Мед и яд любви | страница 59
Стрижка под одну гребенку, конечно, враждебна любви; чувство это переполнено личным своеобразием, в нем масса непохожего у разных людей.
Впрочем, согласны с этим далеко не все, и даже крупные мыслители бывали против такого подхода. Шопенгауэр, великий философ пессимизма, еще полтора века назад отвергал индивидуальность любви. Любовь для него была как бы маской на инстинкте продления рода; этот инстинкт, говорил он, гений рода, его дух-хранитель, он царит над людьми и порабощает их. И все, что кажется людям особым, личным в их чувстве — это обман природы, а на самом деле они — рабы инстинкта и живут в путах самообмана. В чувствах мужчины и женщины нет ничего личного, высшего, говорил Шопенгауэр, и в лад со своими взглядами он прожил жизнь холостяком.
Сейчас разница между любовью и инстинктом рода гораздо понятнее, и многие из нас считают азбукой индивидуальность, личную непохожесть любви.

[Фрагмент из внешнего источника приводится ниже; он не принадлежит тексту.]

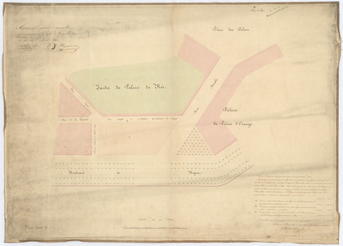 Opschrift: Annexe à l'expertise d'immeubles appartenant à la ville de Bruxelles. Omschrijving plan: situatieplan Datum KCML: deze informatie wordt niet vermeld op het archiefstuk Archiefnummer: B1469 Ontwerper: mogelijks Coppens, F.
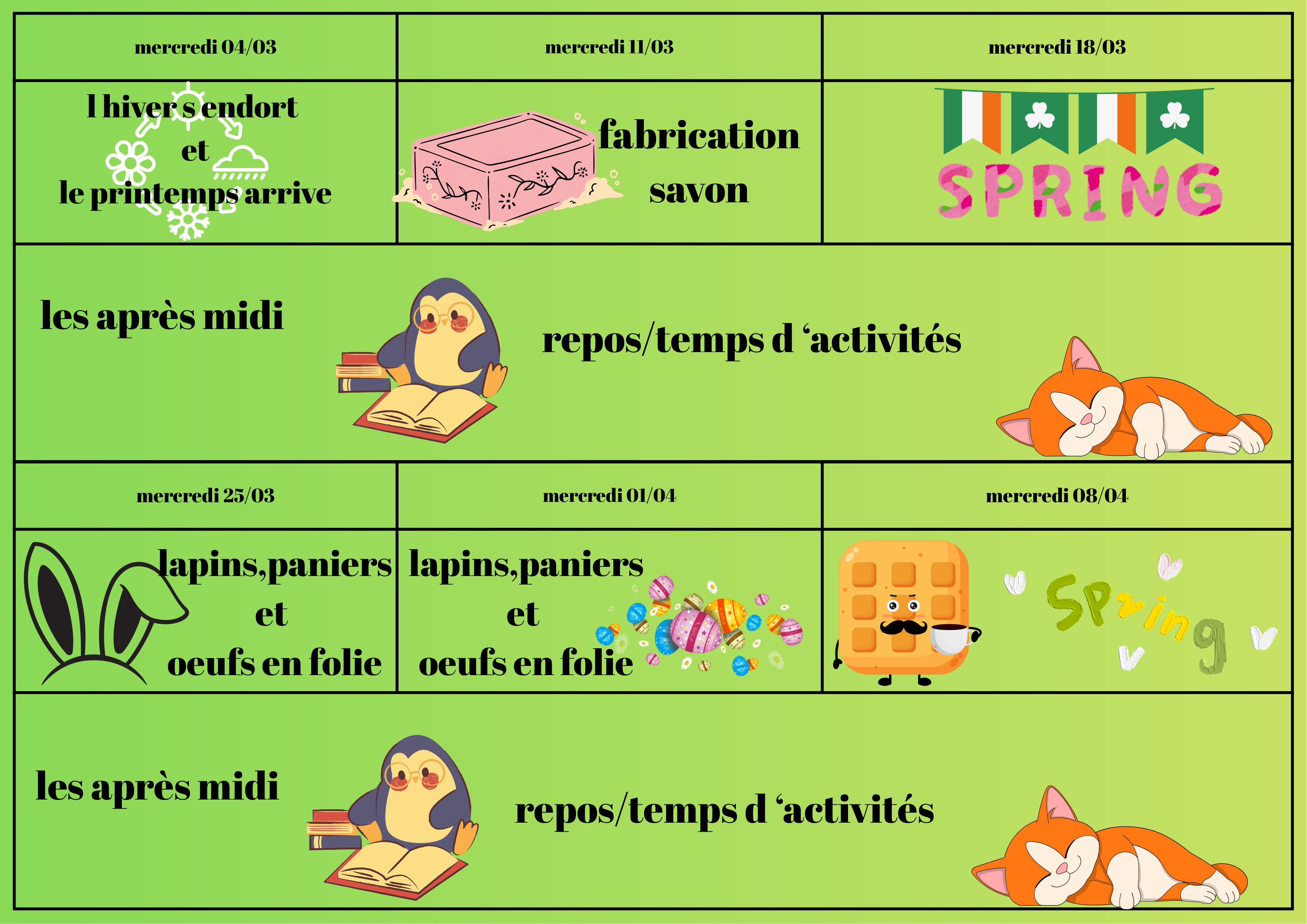Le Centre de Loisirs est ouvert durant les vacances de février, de Pâques, d'été, de la Toussaint, et les mercredis durant la période scolaire.
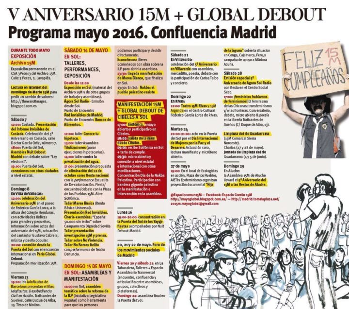 Dieses Wochenende beginnen die Hauptveranstaltungen der Feier des fünften Jahrestages von 15M oder Indignados (Empörten-Bewegung) in Spanien in Solidarität mit und wiederbelebt durch die französische „Nuit Debout“-Bewegung.
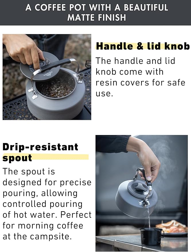- This ultralight camping coffee kettle processed with a hard alumite treatment with corrosion resistance, which is sturdy and hard to get corrosion.

Но в глубинах этой непохожести — прошу прощения за пропись — лежат похожие влечения, те общие знаменатели, которые и делают любовью такие разные у разных людей чувства.
Что касается «закономерностей», которые движут любовью, то одни из них, наверно, правят большинством людей, другие — совсем немногими, причем на одних больше действуют одни закономерности, на других — другие…
Среднего человека нет вообще, это надуманная условность, ложная схема. Есть типы людей, много человеческих типов, и люди, которые входят в один тип, при всем своем личном своеобразии имеют между собой важное сходство, относятся к одной группе — или психологической, или биологической, или социальной, или возрастной и т. п.
У людей, которые относятся к одному такому типу, есть много похожего и в самом чувстве любви. У холериков, например, любовь-гейзер, бурная и «пульсирующая»: она живет вспышками, как исландские гейзеры, которые бьют прерывистой струей. У флегматиков — как бы любовь-озеро, ровная и спокойная, с умеренной теплотой чувств, со спрятанными, но сильными течениями.
У интровертов, людей, обращенных в себя, любовь психологически усложненная, полная запутанных переливов; у экстравертов, обращенных вовне, чувства гораздо проще, любовь больше уходит в действия, чем в переживания…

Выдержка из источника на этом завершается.